ELK-SJ

The Elastic Stack (ELK) with Spark (S), Jupyter (J) and Network tools (nProbe, Tcpreplay and Tshark)

Goal

To make it just as easy to analyze data as it is to collect it.

Kafka: A distributed event streaming platform capable of handling trillions of events a day
FileBeat: A lightweight single-purpose data shipper from Elastic
Elasticsearch: A highly scalable search and analytics engine
Logstash: A dynamic data collection pipeline with an extensible plugin ecosystem.
Kibana: An analytics and visualization platform designed to work with Elasticsearch.
ES-Hadoop: A library that allows Hadoop jobs (& therefore Spark) to interact with Elasticsearch.
Spark: A fast and general-purpose cluster computing system. It provides high-level APIs in Scala, Python and R.
GraphFrames: A package for Apache Spark which provides DataFrame-based Graphs.
Jupyter Notebook: A web application that allows you to create interactive notebooks.
nProbe: A software NetFlow v5/v9/IPFIX probe able to collect, analyze and export network traffic reports using the standard Cisco NetFlow v5/v9/IPFIX format. License is needed or else nProbe will run only in Demo mode. For more info visit: https://www.ntop.org/products/netflow/nprobe/
Tcpreplay: A suite of free Open Source utilities for editing and replaying previously captured network traffic.
Tshark: A network protocol analyzer. It lets you capture packet data from a live network, or read packets from PCAP files.

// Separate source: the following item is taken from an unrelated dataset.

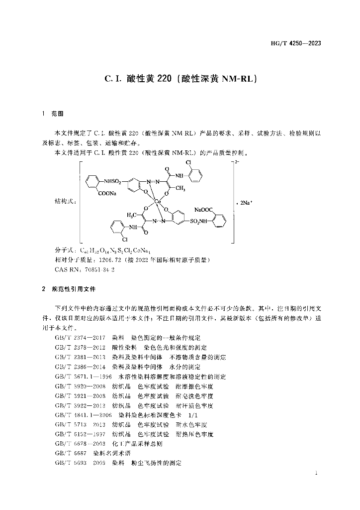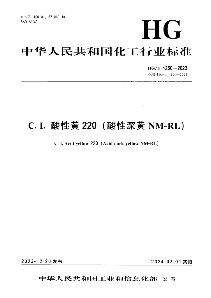 HG/T 4250-2023 C.I.酸性黄220(酸性深黄NM-RL)
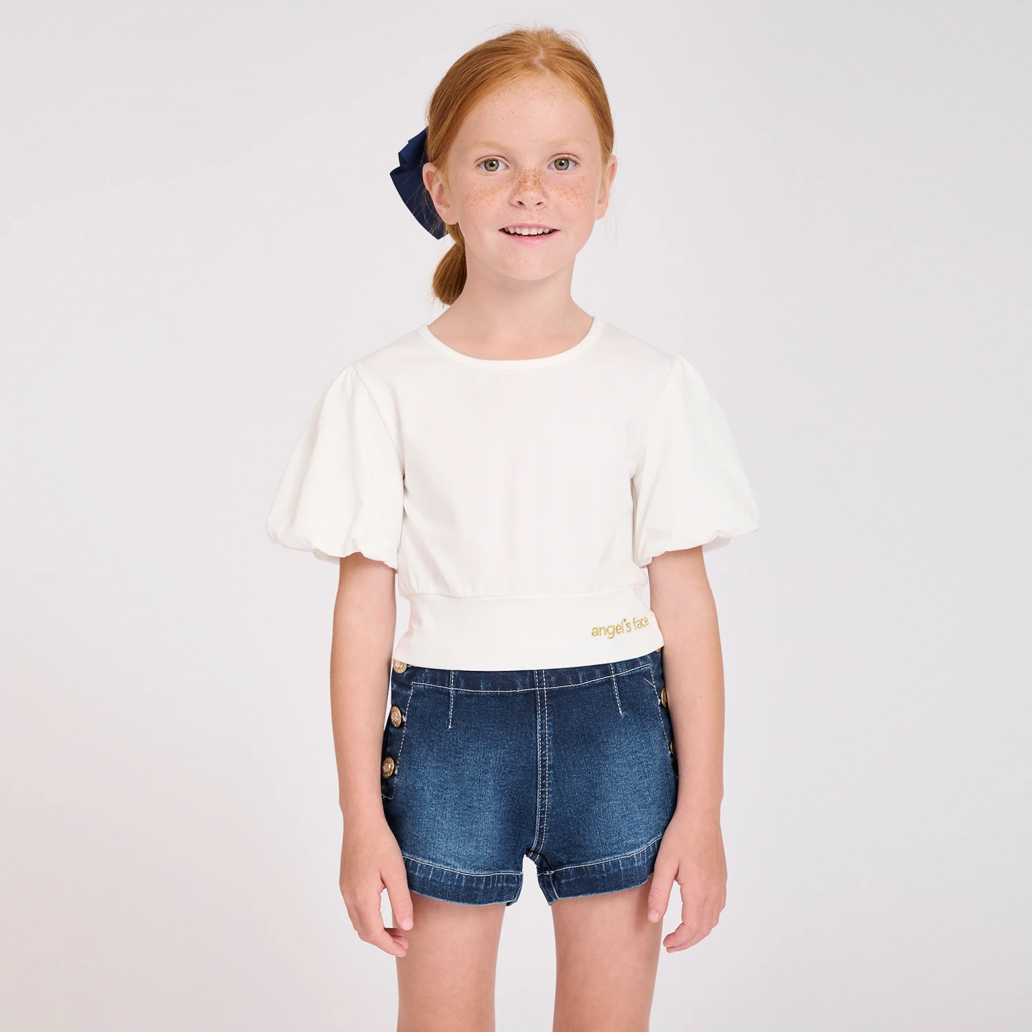Girls indigo blue denim shorts by British brand Angel’s Face, made in a soft, stretchy cotton blend. They have a cool washed look on the front and contrast white stitching, inspired by classic denim styling. The sides fasten with glamorous shiny gold buttons, decorated with sparkling silver diamantés and the brand’s logo for added girly sparkle.

The only major modifications needed are:

Remove and replace the elasticsearch index templates
- Located in ELK-SJ/elasticsearch/output_templates
Remove and replace the logstash conf files
- Located in ELK-SJ/logstash/pipelines
Either add the files to analyze into ELK-SJ/filebeat/input_files or configure Kafka/FileBeat to ingest files for your use-case, or license nProbe and use it to feed Kafka with NetFlow data.
A few PCAP files for demo purposes can be downloaded from [TCPreplay web page] (https://tcpreplay.appneta.com/wiki/captures.html#contributions)

If you'd like to have the containers running in the background: docker-compose up -d

Kafka listens on port 9092
Kibana uses 5601 (Access it via localhost:5601)
Jupyter uses 8888 (Access it via localhost:8888)
- By default, Jupyter notebooks password is 'net-research'. This can be changed in the docker-compose file.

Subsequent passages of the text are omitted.